Добрый доктор Гааз
Я возвращался с Введенского (немецкого) кладбища. Стоял крепкий мороз. У метро «Семеновская» застекленный прямоугольный параллелепипед — пост милиции. Перед будкой лежит человек. Стучусь к милиционерам:
— Человек же замерзнет!
— А какая «скорая» его возьмет? Ведь он весь во вшах. Ему сначала дезинфекцию надо делать, а это денежек стоит. — Потом с издевкой: — А вы его домой к себе возьмите — чайком попоите.
Что делать? Дома у меня тяжело больной отец. Живу я на другом конце Москвы. Денег на такси нет. Да и кто нас посадит? Апеллировать к равнодушно проходящим мимо? Поднять скандал? Заберут, скажут: пьян, могут отправить в вытрезвитель. Для очистки совести позвонил 02. Девушка-дежурная сказала:
— Спасибо. Примем меры.
Потом я два раза был наказан за свое малодушие. Через день иду от метро «Водный стадион». У забора лежит мертвый человек.
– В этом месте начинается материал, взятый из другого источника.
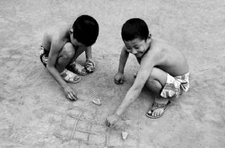 小时候,我们还玩过一种名叫“割韭菜”的游戏。这是从乡村现实中的看护菜地、防人偷菜的生活实景演变来的。
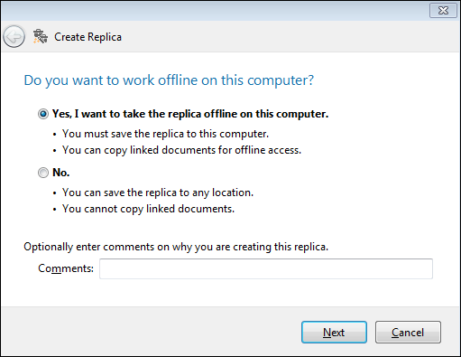 | 4. | In the Do you want to work offline on this computer? dialog box, choose where you want to save the replica. |
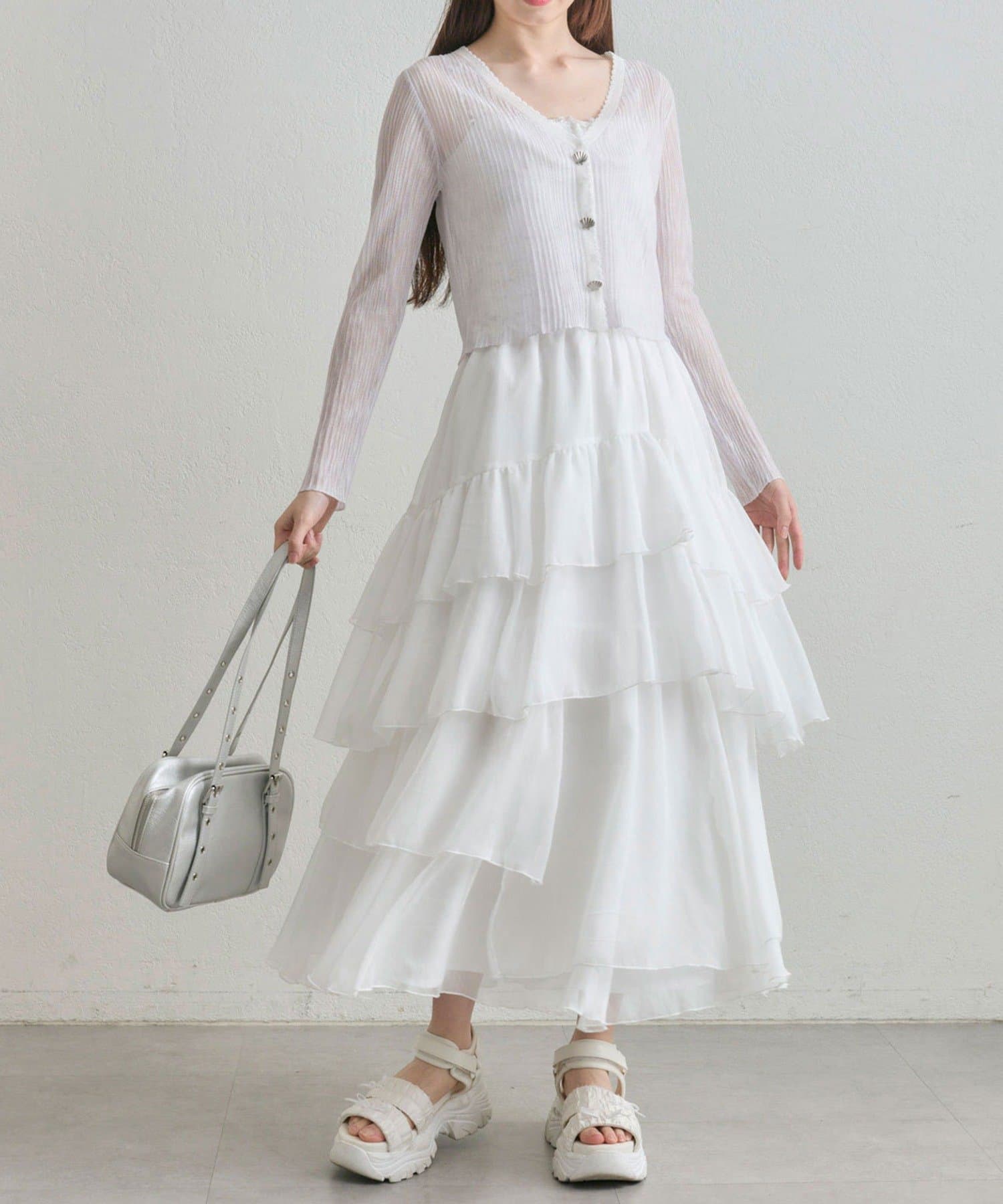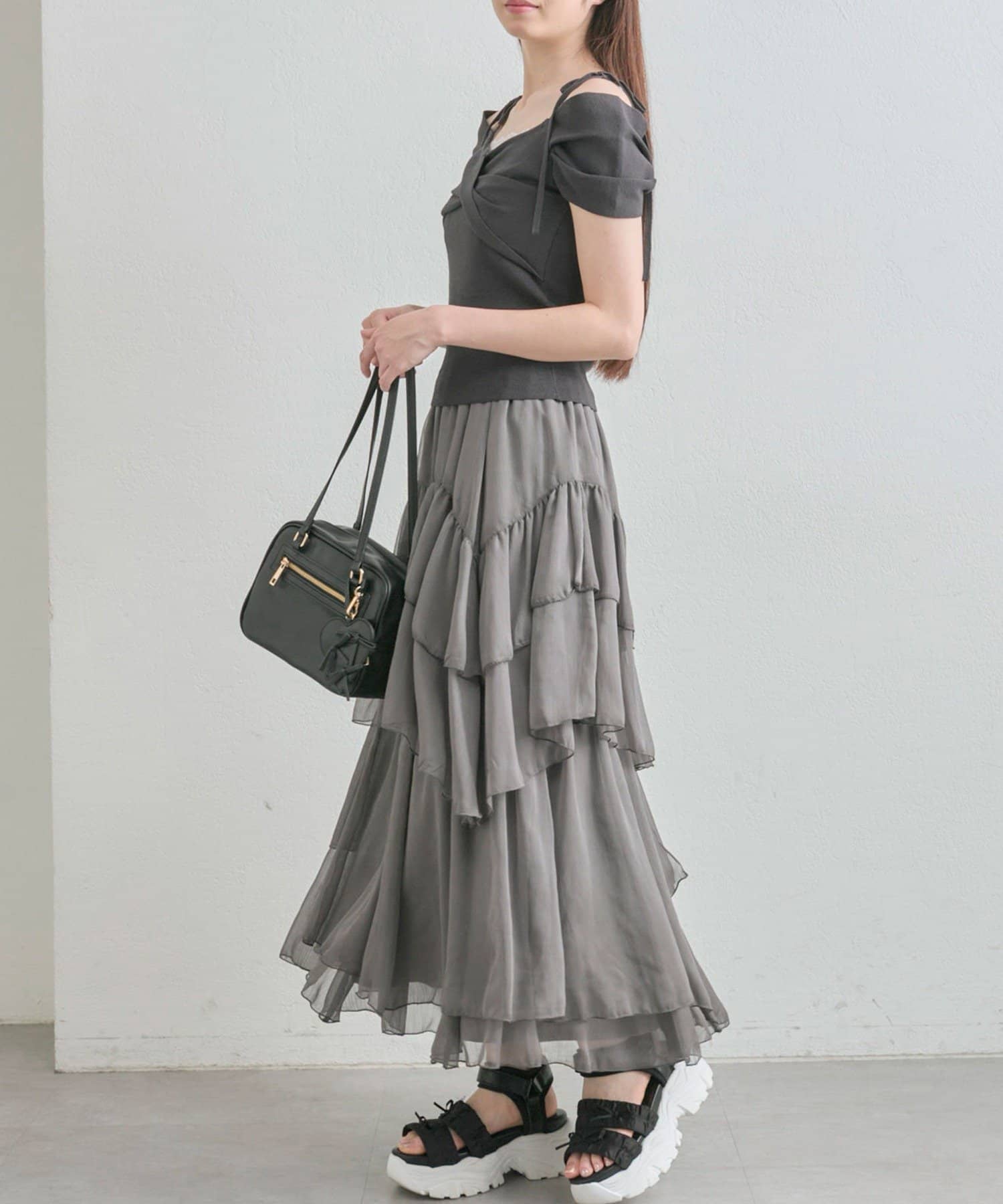・アシンメトリーなふわふわのティアードが目を惹くデザイン。
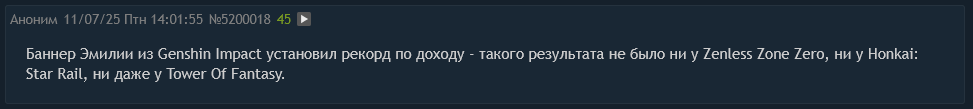 Баннер Эмилии из Genshin Impact установил рекорд по доходу - такого результата не было ни у Zenless Zone Zero, ни у Honkai: Star Rail, ни даже у Tower Of Fantasy.
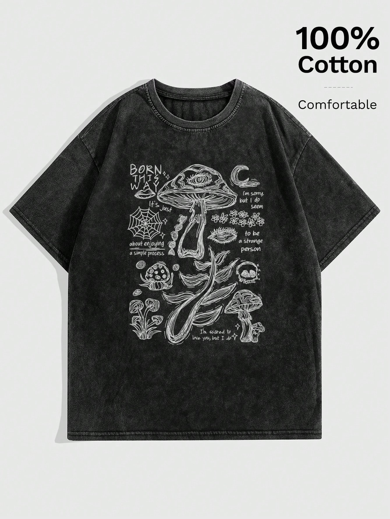 Grunge Punk Women's Gothic Vintage Distressed Mushrooms, Spider Web, Text Pattern Printed Tie Dye Loose Fit T-Shirt, Streetwear Style, School

Над ним в каске, бронежилете и с автоматом омоновец:
— Вот, замерз. Жду, когда «труповозка» приедет.
На следующий день, не доходя 20 метров до метро «Речной вокзал», натыкаюсь на лежащего на спине покойника. У него уже лицо инеем покрылось. Прохожие обходят замерзшего и бегут дальше. В метро мне сказали:
— Мы уже два раза звонили, никто не приезжает.
Это же страшно, в каком городе мы живем! А ведь уже более чем полторы сотни лет тому назад в Москве была устроена полицейская больница, куда отвозили таких вот бездомных бедолаг, подобранных на улице.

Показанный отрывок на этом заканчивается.